Comment by jacquesm

8 hours ago

The (potential, no experience) quality issues are to me far outweighed by the enabling of yet another country to become a superpower which will then sooner or later result in yet another confrontation. Russia should have taught at least Europe that this sort of trade can only backfire in the longer term. Yes, I realize, China is the world's factory now, but there is no reason that can not change. I'm trying really hard to buy European made products and to use European services where possible. There are still a couple of hard nuts to crack but I'll get there.

In the US for example, most of the US brands are already made in China. They will copy the tooling and put a different brand name on it and you'll have a tool of the same quality for way less cost.

Simply put China is an unrecognized superpower at this point with the investments they've already made. The amount of infrastructure they've built in a decade dwarfs what the West has done in decades.

  • Sorry, the country with nukes, nuclear submarines, a massive navy and a permanent member on the UN Security Council isn’t recognized as a superpower? By whom?
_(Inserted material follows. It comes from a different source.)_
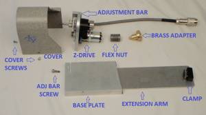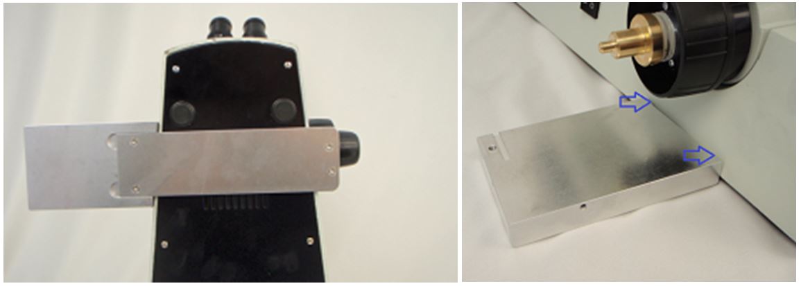Loosen the baseplate clamp and adjust the base plate so that the hole on the screw hole on the baseplate is in the center of the slot on the adjustment arm that the adjustment bar screw goes into. Tighten the baseplate clamp to secure the baseplate to the microscope. Install and lightly tighten the Adjustment bar screw.

> I'm trying really hard to buy European made products and to use European services where possible.

European companies are trying even harder to outsource to China.

In the past months I’ve seen an increase and it feels like almost everything is made in China, from books to Christmas trinkets to clothes and kitchen utensils, it’s a pain the ass to find locally produced goods.

This has a lot to do with the energy crisis triggered by decoupling from Russia, which was never properly put into context and evaluated from an economical perspective.